There's enough money and scale on the line that software affinity like CUDA is no longer the deciding factor and there's margin for custom stacks.
Even more so after the USA GPU exports ban which is proving to have backfired by speeding up China's tech growth.
If west ai is too advanced can take over the world. So better go to war now on a same level playing field than later when you need to fight against a SGI
Instead, the US banned China from chips and lithography machines, giving China the legal excuse to start producing them domestically without violating WTO rules. Now China produces cheap chips and uses them with cheap electricity.
This was a dumb move by the US. Brought upon it by dumbf*ck aristocratic elites who grew up in isolated mansions and then received law degrees, with absolutely no understanding of technology and technology ecosystems. They thought they'd just make the rules and everybody would have to obey. It turns out in technology, they don't have to...
Nowhere near the value of having access to chips, at any cost. They have extremely deep pockets. They already pay 6x the cost per FLOP.
> Instead, the US banned China from chips and lithography machines, giving China the legal excuse to start producing them domestically without violating WTO rules. Now China produces cheap chips and uses them with cheap electricity.
You think without export restrictions China wouldn't be doing the exact same thing? China needs absolutely zero legal excuse. I mean sure they have compute available on grey market / domestically but at 6x the cost per FLOP. Access to NVIDIA chips would make it dramatically cheaper for them. Yes you get chip income but that is not even close to what you lose. The strategy is doing what it was always supposed to do: slow them down, bleed their resources to force them to spin their wheels catching up. China is doing a great job with this but they are fundamentally constrained by these export controls.
You are right that this greases the wheels, they are further along than they would have been without export restrictions, but they are still delayed even with the reduced friction. The alternative is that they move slightly slower _while having the same compute infrastructure available_ and at dramatically lower energy costs. That is a far worse position for the US to be in.
> This was a dumb move by the US. Brought upon it by dumbf-ck aristocratic elites who grew up in isolated mansions and then received law degrees, with absolutely no understanding of technology and technology ecosystems. They thought they'd just make the rules and everybody would have to obey. It turns out in technology, they don't have to...
I think this is too cynical. Neither one of us is in the room to actually observe the real decision making, but export restrictions as a strategy are not some "dumbf-ck aristocratic elite" thing. They are perfectly rational from a strategic standpoint and arguably doing what they're supposed to do.
The H200 was released Nov 2024.
Even allowing for Jensen exaggerating the risk there is no way China is 7-10 years behind.
Looking at manufacturing process nodes, SMIC N+3 is a a 5nm process. 5nm was introduced by Samsung and TSMC in 2020 so at most that is 6 years.

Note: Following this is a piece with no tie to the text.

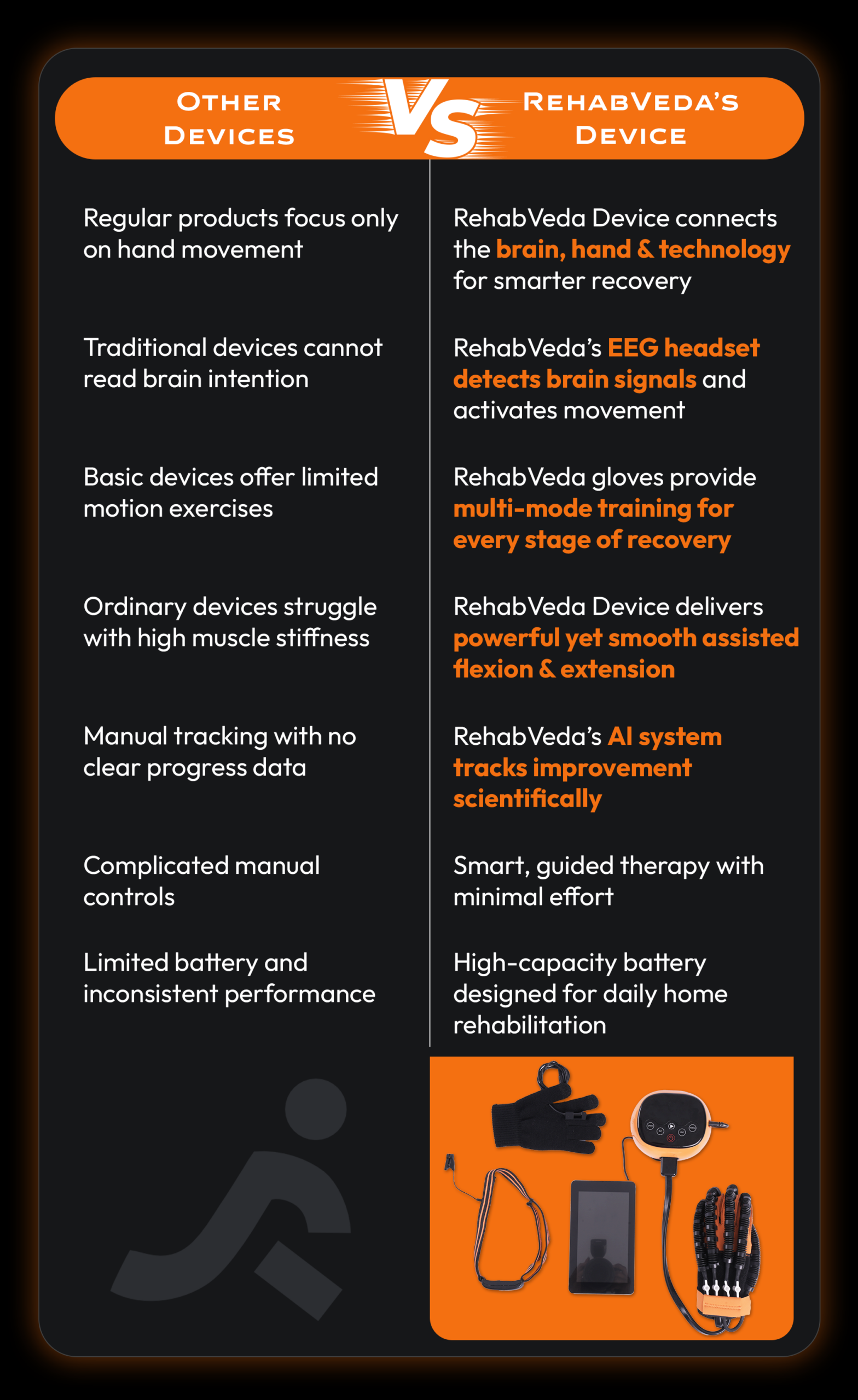 ✨ Powered by brain-signal detection, AI-based tracking, and smart rehab gloves, RehabVeda Device guides recovery through every stage — helping patients move toward confidence and independence again.
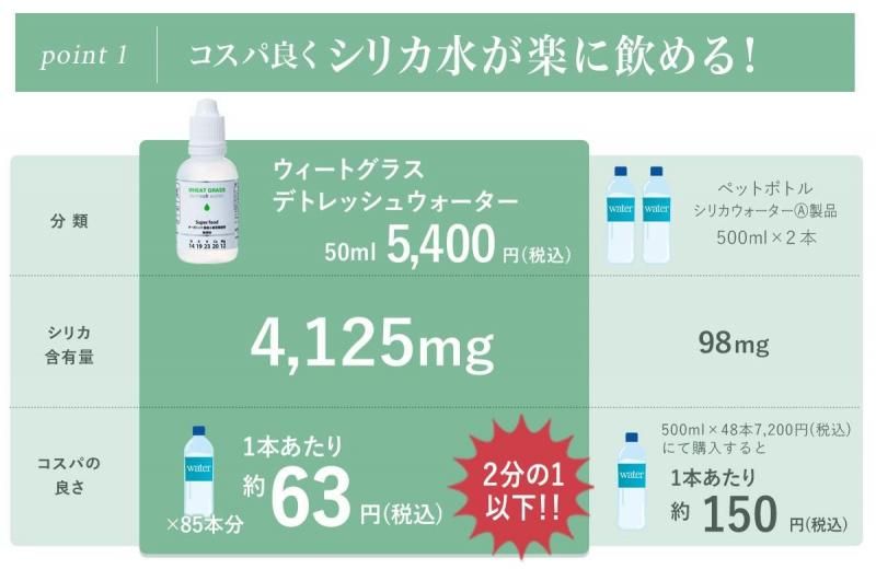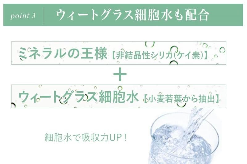 - 【ウィートグラス細胞水×ケイ素濃縮液】 30-40度の低温・真空で抽出することで本来の成分がほぼ100%原料に含まれるウィートグラス細胞水と水晶石を2000度以上で燃焼させて溶解させた活性ミネラル濃縮液(ケイ素)を採用。水の分子が小さく吸収性・浸透性に優れているのが特長。

But the chips they can produce on it are roughly comparable to "roughly level with Android flagships from three years ago"[2]
TL;DR: China is more like 2-4 years behind than 7-10 years. If China developed EUV lithography then all bets are off.
[1] https://www.reddit.com/r/LocalLLaMA/comments/1kxw6b9/nvidia_... - see video.
[2] https://www.tomshardware.com/tech-industry/semiconductors/se...
The only difference between using a slower chip such as H100 (or Huawei's Ascend 750) vs NVIDIA's newer Blackwell chips (B200 etc) is that you need more of the slower chips to achieve the same total FLOPs in your cluster. It has zero effect on what models you can run on it.
To quote Pat Toulme:
There’s a big misconception about how GLM 5.2 was trained. Yes, they distilled Claude and GPT 5.5 — but distillation is not how they matched Opus quality. Distillation only fixed the cold start problem in RL.
RLing an agentic coding model isn’t rocket science. In simplified terms:
1. RL needs trajectories — rollouts where the model actually completed a task in some env
2. No successful trajectory on a task = zero gradient = you can’t RL it. This is the cold start problem
3. Distillation solves it. You seed your model with knowledge from a smarter one (Claude, GPT) on tasks it can’t do yet
4. Now it produces positive trajectories on those tasks
5. RL on those trajectories and hill climb agentic coding
6. At that point you no longer need to distill and can solely hill climb RL to better models
This is an interesting curve. I’d argue it’s harder to get to Opus 4.8 from scratch than to go from Opus 4.8 → Fable/Mythos tier.
GLM 5.2 is already producing positive trajectories, so they have plenty to RL on — they’ll keep climbing to Mythos quality without distilling any further. They no longer need American models.
https://x.com/PatrickToulme/status/2069211575437627743
Not exactly sure what the finish line in "the race to superintelligence" looks like and even moreso it's unclear why you think being there first is a critical benefit.